* [What to do]: Every line of the data below must be output exactly, with images left out.

*** Data extract

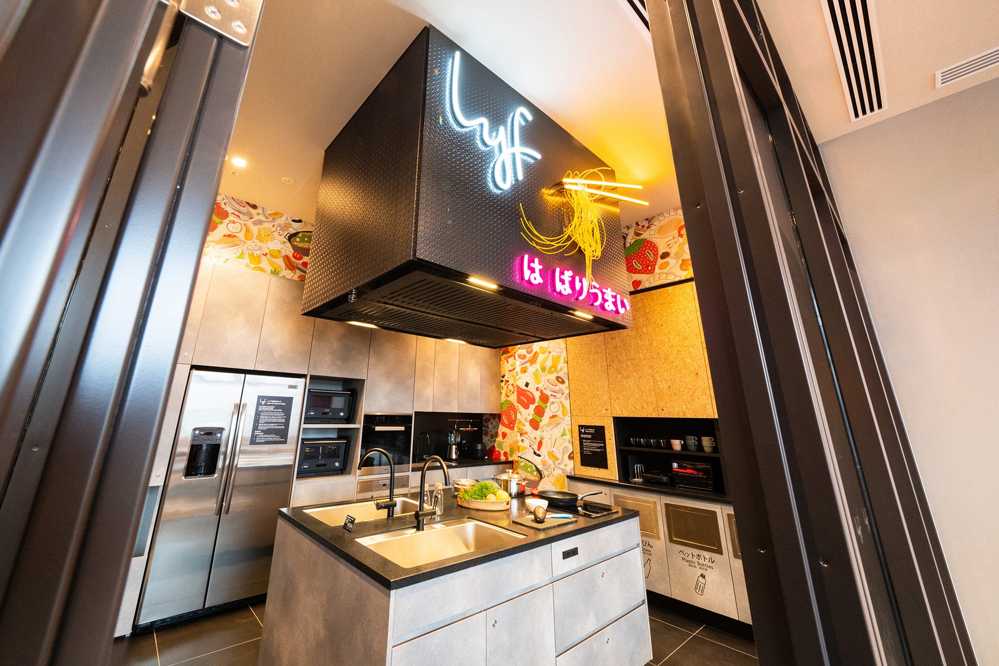 シンガポールや福岡を拠点とするデザイナーによるインテリアデザインとグラフィックが特徴的な施設内は、開放的なコワーキングスペースや設備の整ったソーシャルキッチンなどの充実したシェアスペースと、スタイリッシュで機能的なプライベート空間で構成されています。また、定期的に開催されるソーシャルプログラムやイベントでは、ゲスト同士や地元とのつながりを作り、コミュニティの発展をめざします。2021年6月16日開業、全131室。
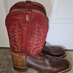 Tony Lama 3R™ cowboy boots with a brown square toe ostrich leather foot and a red leather shaft.$100Modesto, CA
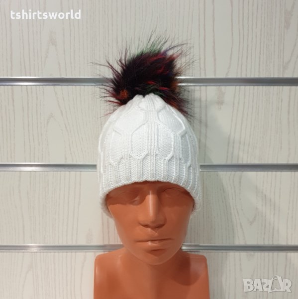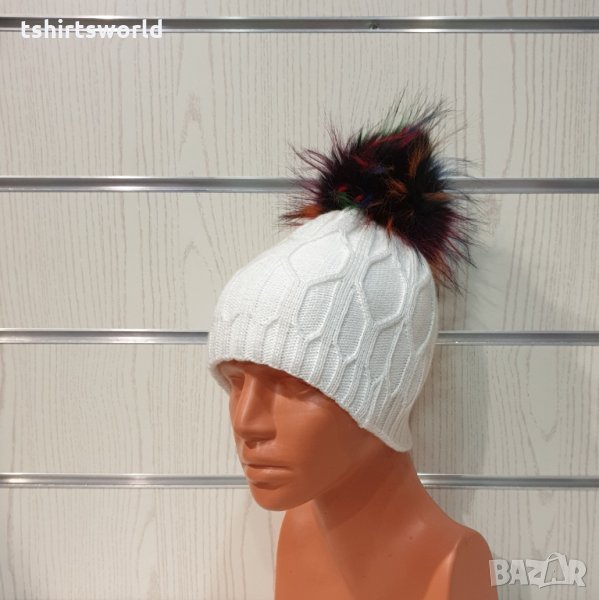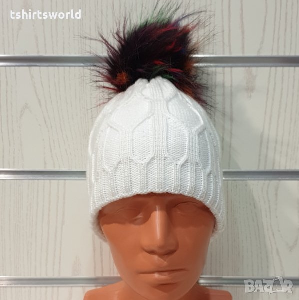 Нова зимна дамска бяла шапка с шарен помпон/пух → Обява 35478437
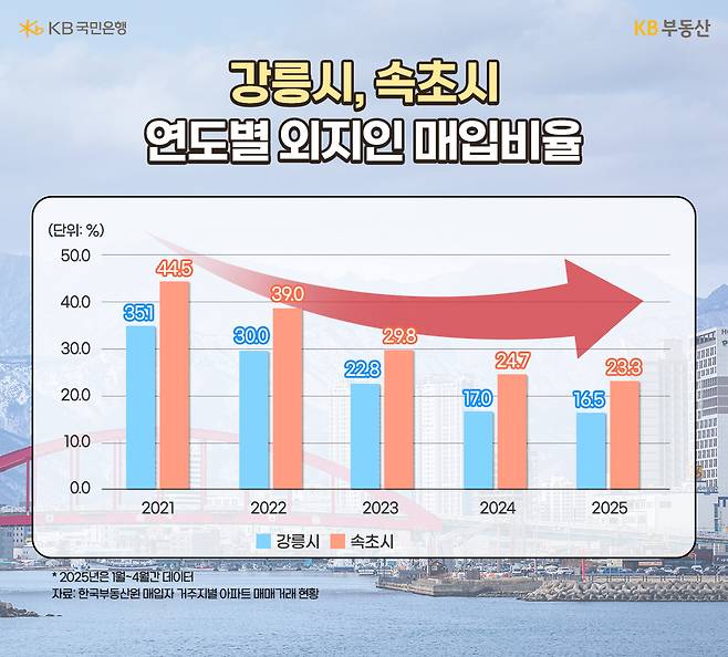 강릉과 속초 아파트를 산 매입자 거주지별 거래 현황을 살펴봤습니다. 한국부동산원 자료에 따르면, 2021년에는 강릉 아파트의 35.1%, 속초는 44.5%가 관할시·도 외 지역 즉, 외지인이 매입한 것으로 나타났는데요. 이후 외지인의 비율이 점차 줄더니 2025년 1월~4월 데이터 기준 강릉은 16.5%, 속초는 23.3%까지 줄어들었습니다.

******

* [Written response]:
 シンガポールや福岡を拠点とするデザイナーによるインテリアデザインとグラフィックが特徴的な施設内は、開放的なコワーキングスペースや設備の整ったソーシャルキッチンなどの充実したシェアスペースと、スタイリッシュで機能的なプライベート空間で構成されています。また、定期的に開催されるソーシャルプログラムやイベントでは、ゲスト同士や地元とのつながりを作り、コミュニティの発展をめざします。2021年6月16日開業、全131室。
 Tony Lama 3R™ cowboy boots with a brown square toe ostrich leather foot and a red leather shaft.$100Modesto, CA
 Нова зимна дамска бяла шапка с шарен помпон/пух → Обява 35478437
 강릉과 속초 아파트를 산 매입자 거주지별 거래 현황을 살펴봤습니다. 한국부동산원 자료에 따르면, 2021년에는 강릉 아파트의 35.1%, 속초는 44.5%가 관할시·도 외 지역 즉, 외지인이 매입한 것으로 나타났는데요. 이후 외지인의 비율이 점차 줄더니 2025년 1월~4월 데이터 기준 강릉은 16.5%, 속초는 23.3%까지 줄어들었습니다.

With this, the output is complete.